OpenAIs latest model unleashes some powerful new functionality
Sep 19, 2024
Introduction
The release of OpenAI's o1 model is significant. For many teams this is going to unlock capabilities that 12 months ago where well beyond their reach. The primary beneficiaries are likely going to be analysts and those looking to leverage simpler prompts. We have done a deep benchmarking internally and wanted to share some of the insights.
Key Features of OpenAI's o1 Model
Multi-Step Reasoning: The o1 model excels in multi-step reasoning, allowing it to perform complex tasks that require several stages of thought and analysis. It plans its own strategy, essentially running the model multiple times and building prompts for the next cycle so that each cycle of the AI tackles a more focused set of issues and problems. This behaviour, often replicated by teams using 'agentic' or multi-agent design patters, is now available out of the box, making it more accessible to everyone not just the teams who have built their own frameworks.
Scalability and Adaptability: Designed to handle large-scale data and adapt to various contexts, the o1 model can process vast amounts of information quickly and efficiently, making it ideal for complex legal tasks. Because its running the models again and again you find that the models forget fewer details when you feed lots of details in. This was a major drawback of previous generations.
Mathematical and Analytical Capabilities: Beyond multi-step reasoning, OpenAI has improved the handling of numbers, likely through some kind of memory module that helps the LLM keep count. This foundational solution addresses a hard challenge that many teams have been working on in their own way.
Implications for Wordsmith
Improved Legal Calculations and legal scenario modeling
With its advanced reasoning, the o1 model can improve analysis of numerical legal concepts by identifying and modeling potential risks.
Some of our most common use-cases at Wordsmith are legal and finance teams throwing hypothetical scenarios against agreements to stress test how they will behave. Typical risk modeling includes.
"What would happen if we wanted to terminate this agreement in the event that the provider had 2 days of downtime"
"How much would it cost us to terminate without cause after 15 months?"
"Theoretically, what is the max liability exposure that this agreement could create for us in a scenario where our platform had major downtime" - the Crowdstrike scenario.
For these situations o1 is a major step up. Breaking down these scenarios into the required steps to give a great answer. By far the biggest improvements we have found are in numerical modeling and liability scenarios. This model performs about 17% better on our mathematical evaluations.
Better Outcomes with Simpler Prompts
The o1 model simplifies complex prompt designs. For example, previously, a question might need to be very detailed to get a comprehensive analysis. Now, you can simply ask "analyze email thread," and the model will infer and perform the necessary pre-planning.
Unlike previous models, the o1 model does not require overly detailed prompts. Instead, it is designed to "fill in the gaps" on its own, making it easier to use.
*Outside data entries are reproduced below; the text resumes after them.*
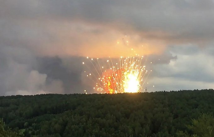 5 серпня в районі міста Ачинськ Красноярського краю РФ на території в/ч 74008 загорівся склад боєприпасів, на якому зберігалося 40 тисяч снарядів калібру 125 та 152 мм. Відомий на весь світ після скандалу навколо пожеж у сибірській тайзі губернатор Красноярського краю Олександр Усс, який байдуже спостерігав, як горять «легені» планети й нічого робив, аби ліквідувати катастрофу, і на цей раз спокійно заявив: ситуація з пожежею на артилерійському складі «під контролем».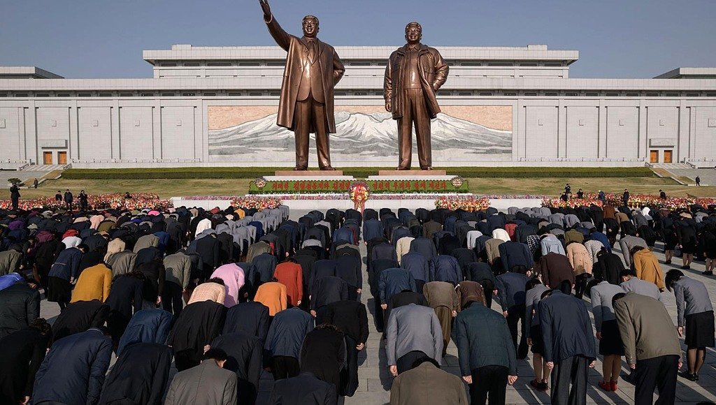 بعد الساعة الـ 9 ليلاً كوريا الشمالية تطفئ أنوارها بإستثناء المباني الحكومية وساحة التماثيل، هذه الساحة تُعتبر هي الرمز الأول في كوريا الشمالية ويجب عليك أن تظهر إحترامك وعبادتك لها ، تقريبًا بشكل يومي عند المرور منها تتوقف وتركع وتشكرهم ومن ثم تستمر في طريقك، هذه الساحة خط أحمر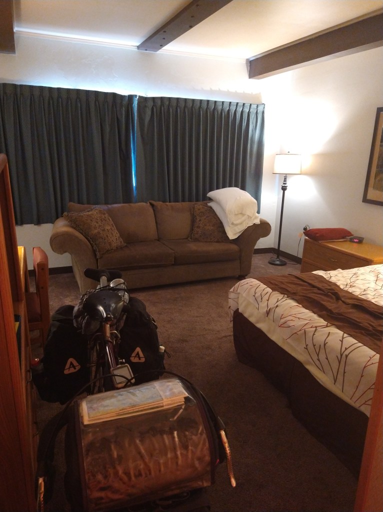 I hit the city limits around 6:00 PM and was in the Midtown Motel a half hour later. It was adjacent to a Perkin’s restaurant, which I took immediate advantage of. A good way to end the day!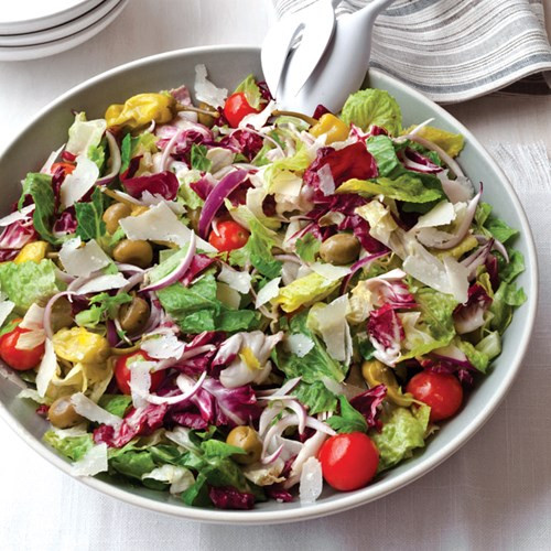 Theo truyền thống, món salad này được dùng với vang hồng, trắng và đỏ.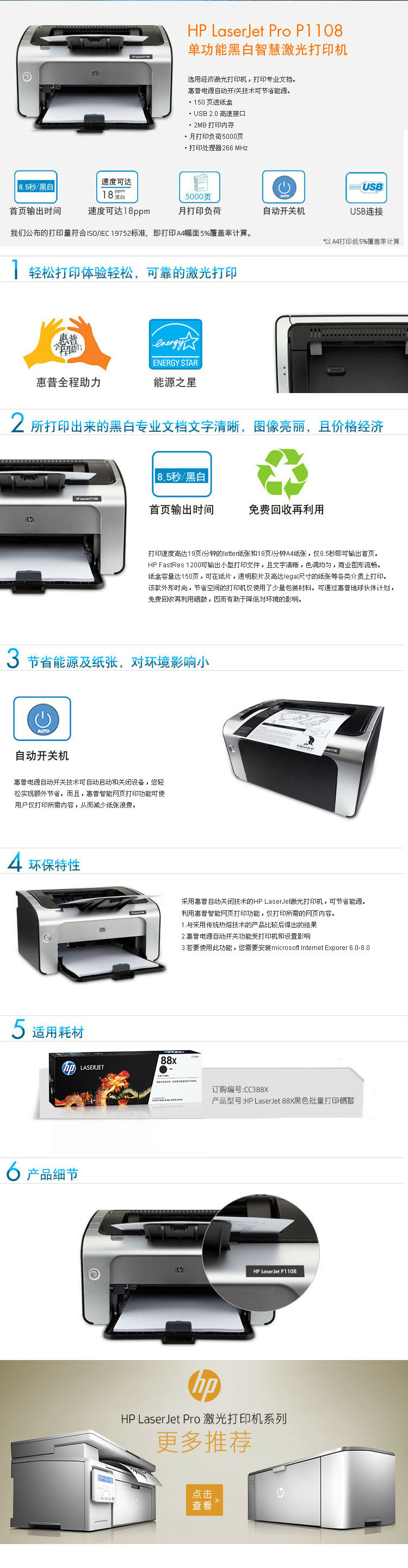 首页 > 办公设备 > 激光打印机 > 惠普(HP)P1108 黑白激光打印机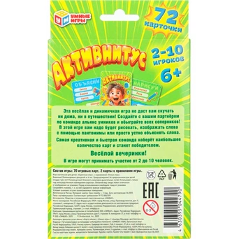 Карточная игра «Активнитус» ТМ «Умные игры» — отличное развлечение для всей семьи.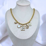 A gold-tone necklace featuring celestial and symbolic charms: a pearl planet, a sun, a serpent, a moon with stars, and a butterfly. A striking piece to add cosmic energy and mystery to your style.

The downside here is that it might not analyze the same things you would, however to get you going its very powerful.
For example, instead of asking, "Can you breakdown this email and identify what actions I need to take, prioritizing them by urgency and the date of the request, giving extra weight to anything that feels time sensitive?" you can now say, "what action to do i need to take here" and the model will deliver a detailed response, making a great stab at the most important priorities and breaking down what it think should should be looking at.
Considerations
Lack of Customization Over Planning
The LLM planning means that you are not able to be explicit about the steps that you want it to take and how you want it to think at each stage. Depending on your workflows and how your system is designed, this might in places lead to a degradation in the desired output.
Overthinking
There is a limit to the step-up that additional cycles of AI will give you on iterating on a problem. Somewhat connected to the above, sometimes you need to introduce domain knowledge or change the sequences to get the output you want.
Cost and Speed
The advanced capabilities of the o1 model will come at a higher cost, which is an important consideration for its deployment. Additionally, the model's latency can limit its applications, especially in scenarios requiring quick responses. Sometimes 10-20 second delays are just not an acceptable user experience and its better to iterate on smaller sharper cycles.
Conclusion
The lessons learned from OpenAI's o1 model present exciting opportunities for Wordsmith and the legal AI industry. While its not perfect for every scenario, it will be a level up for many parts of the legal tech experience.